The data:
┄┄┄┄┄┄┄┄┄┄

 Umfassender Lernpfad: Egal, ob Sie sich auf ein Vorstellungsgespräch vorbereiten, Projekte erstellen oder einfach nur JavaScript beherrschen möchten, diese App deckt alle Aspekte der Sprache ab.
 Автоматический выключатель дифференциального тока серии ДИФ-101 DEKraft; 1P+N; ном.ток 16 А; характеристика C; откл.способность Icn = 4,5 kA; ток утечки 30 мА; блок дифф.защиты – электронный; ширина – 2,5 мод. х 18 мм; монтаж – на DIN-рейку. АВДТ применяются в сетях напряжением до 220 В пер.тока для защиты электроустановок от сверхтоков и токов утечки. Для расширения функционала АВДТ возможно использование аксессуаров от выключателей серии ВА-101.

┄┄┄┄┄┄┄┄┄┄

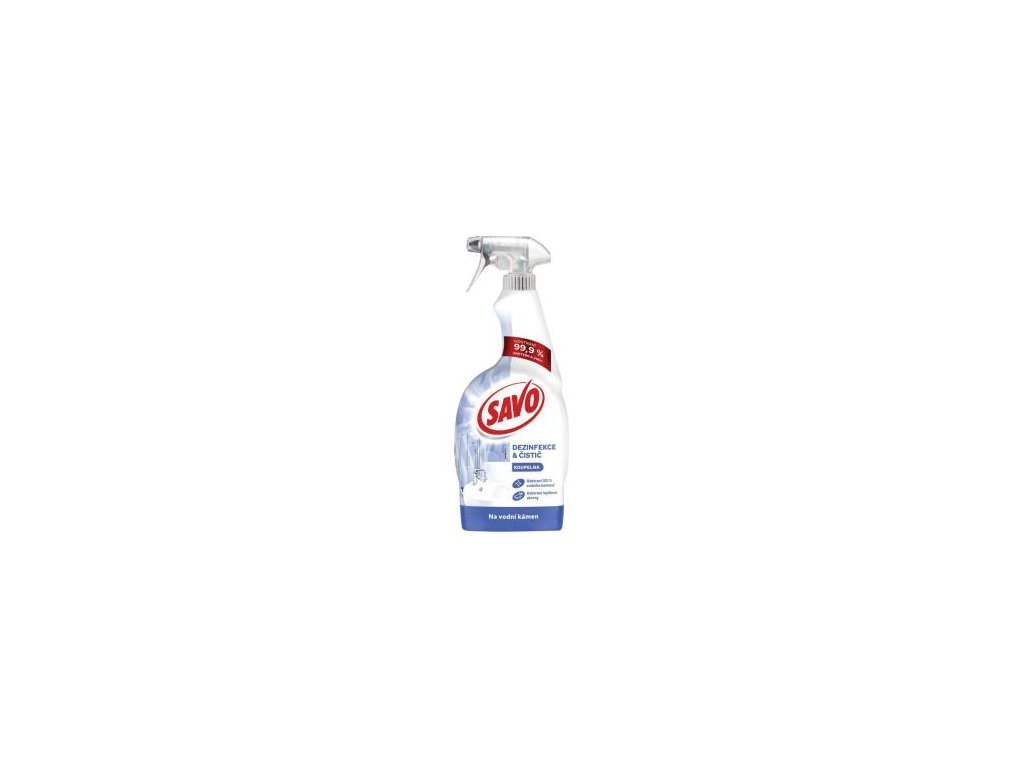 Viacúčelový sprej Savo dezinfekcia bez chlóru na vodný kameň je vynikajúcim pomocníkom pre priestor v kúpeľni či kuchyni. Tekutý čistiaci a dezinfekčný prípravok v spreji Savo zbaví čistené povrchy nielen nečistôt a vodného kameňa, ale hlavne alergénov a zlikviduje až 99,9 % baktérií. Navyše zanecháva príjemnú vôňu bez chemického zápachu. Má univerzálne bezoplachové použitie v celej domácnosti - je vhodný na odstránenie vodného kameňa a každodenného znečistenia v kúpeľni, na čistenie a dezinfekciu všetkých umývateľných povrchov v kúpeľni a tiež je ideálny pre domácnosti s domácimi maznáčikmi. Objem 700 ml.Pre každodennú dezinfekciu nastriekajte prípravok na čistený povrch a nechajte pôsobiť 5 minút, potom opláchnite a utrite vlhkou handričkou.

┄┄┄┄┄┄┄┄┄┄

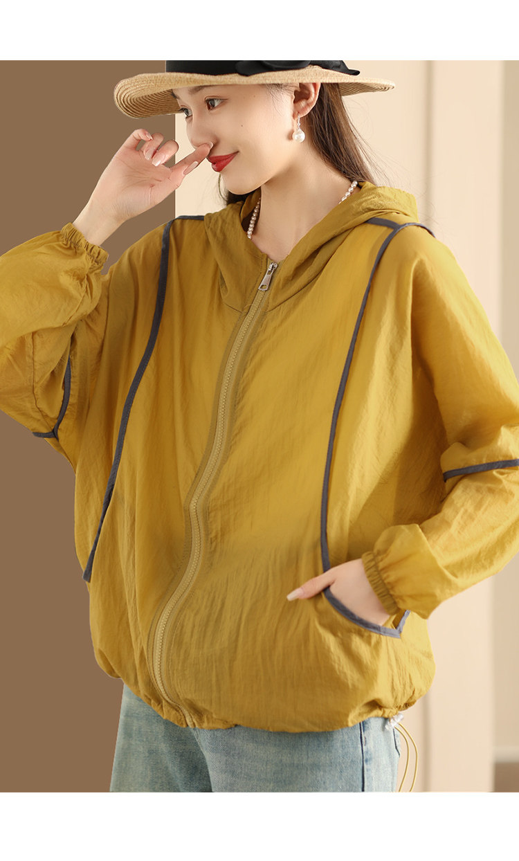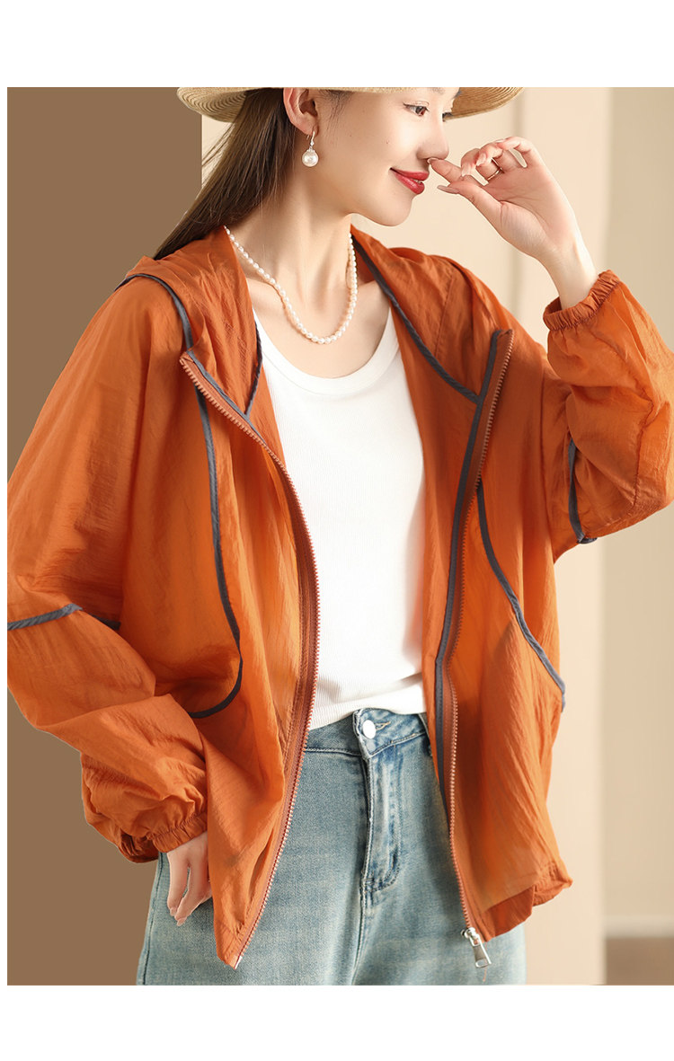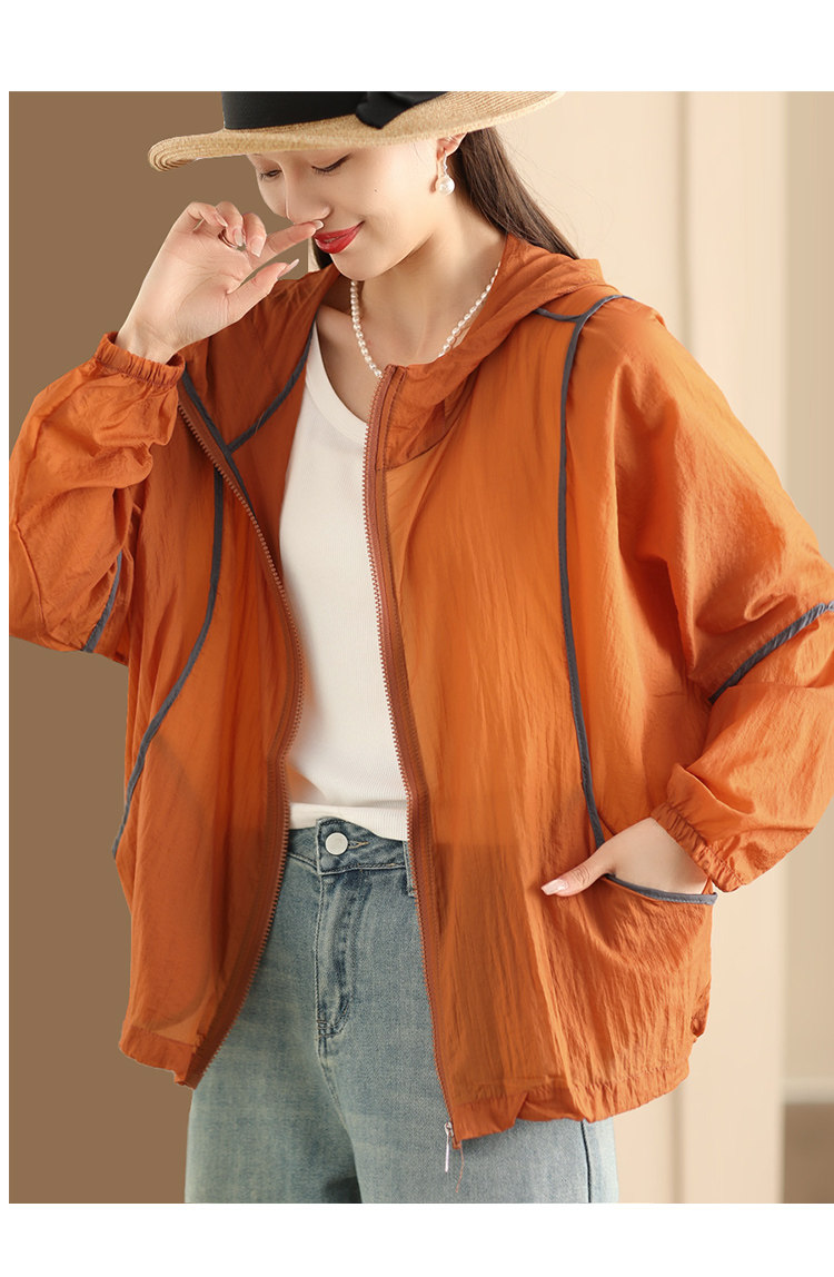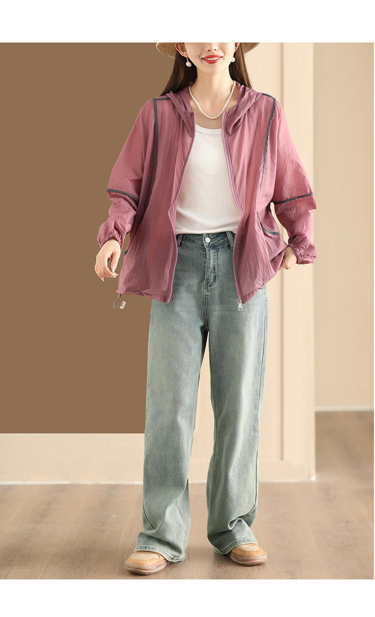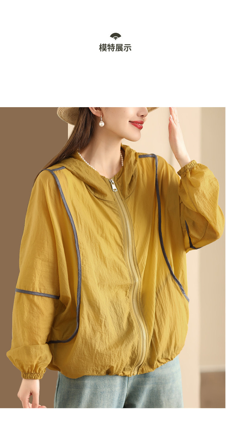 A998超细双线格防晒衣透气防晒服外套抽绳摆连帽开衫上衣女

┄┄┄┄┄┄┄┄┄┄

Task directions: Print exactly the lines above from the one with "Umfassender Lernpfad: Egal, ob" to the one with "Автоматический выключатель дифференциального", including both.

Exercise response:
 Umfassender Lernpfad: Egal, ob Sie sich auf ein Vorstellungsgespräch vorbereiten, Projekte erstellen oder einfach nur JavaScript beherrschen möchten, diese App deckt alle Aspekte der Sprache ab.
 Автоматический выключатель дифференциального тока серии ДИФ-101 DEKraft; 1P+N; ном.ток 16 А; характеристика C; откл.способность Icn = 4,5 kA; ток утечки 30 мА; блок дифф.защиты – электронный; ширина – 2,5 мод. х 18 мм; монтаж – на DIN-рейку. АВДТ применяются в сетях напряжением до 220 В пер.тока для защиты электроустановок от сверхтоков и токов утечки. Для расширения функционала АВДТ возможно использование аксессуаров от выключателей серии ВА-101.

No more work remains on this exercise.